Background: I have a 12/3 wire coming up from the circuit panel in the basement to the attic that was wired when the house was built (~1971). The two live wires are connected to separate 20 amp circuit breakers in the panel box. Each of the live wires are connected to separate load (1 is connected to an attic fan and 1 is connected to an AC air handler) - I think the attic fan draws about 6-7 amps and the air handler draws about 14 amps, and both are connected to the white wire in the 12/3 BX.Q: Is this ok? Specifically, if the sum of electricity from the 2 load wires is greater than 20 amps, is it ok for the white wire going back to the circuit panel, e.g. will that get dangerously hot/is it against code? (This is in NY State)

Answer:

The AC air handler is supposed to be on a dedicated circuit. Same thing with the compressor. It sounds as if someone wired in this fan afterwards not knowing what they were doing. I would disconnect the fan from the AC circuit, and bring up another 14/2 15 amp line for the fan.

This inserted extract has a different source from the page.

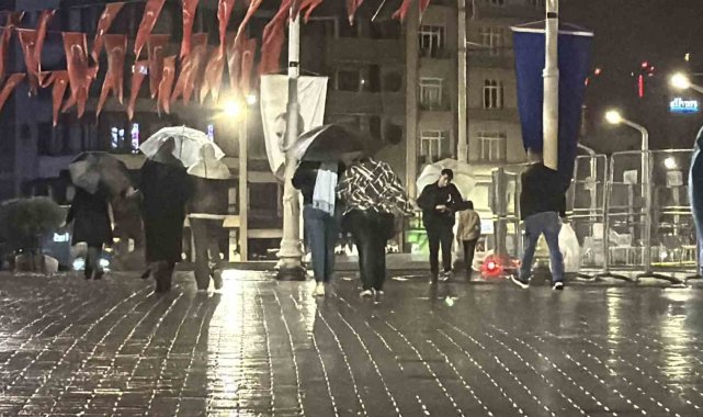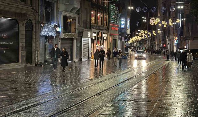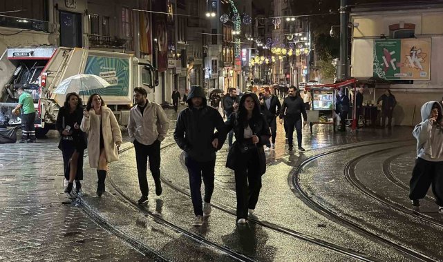 Taksim Meydanı ve İstiklal Caddesi'nde gece saatlerinde yağmur etkili oldu

The nuetral -white-is not a load carrier.It's presence is to keep the 60 hz cycle present. The black and red supliers are mere conductors to the load, wich consumes all of the amperage. Yes- the neutral will take on a load level, if the prescribed load directly shorts. The extra bare ground connections are designed to sweep this dangerious excess ,away quickly. If you study your breaker-box, you will see that the grounds and the neutrals are connected at the exact same place. The both terminate to the ground,pipe,s connections. As does the 3'rd , bare wire connection, into your weatherhead mast.
if okorder
If what you say is true, then things are wired wrong. It sounds like some one took a 220V circuit which would consist of three wires (one to neutral, one to one leg of the 220 and the other to the other leg). Using a tiny bit of knowledge, they made two 110 volt circuits that share a neutral. The neutral is carrying BOTH loads and is not really protected from over-current. c says, oddly enough, on AC loads that share a neutral the amperage cancels each other out, so if there is 10A on one hot leg and 14A on the other and they share the neutral than the neutral will be carrying 4A, not 24A. Not if both breakers are on the same leg. In this case the amperage would be additive. In other words, if each appliance was drawing 16 amps, neither breaker would trip, but there would be 32 amps carried by the 12 ga. neutral which would cause it to overheat and possibly start a fire. Catastrophic problems usually require several links in a chain to occur. Wiring you described could conceivably over-load the circuit or catch an electrician off-guard and harm him. I'm inclined to get stuff like that corrected. In all likelyhood, they ARE on opposite sides since it was probably a converted 220 v circuit. You'll have to visually trace the wiring and buss bars in the breaker box to determine this. Once you've found a bit of 'creativiy' with respect to the wiring though, you can't assume too much about the rest.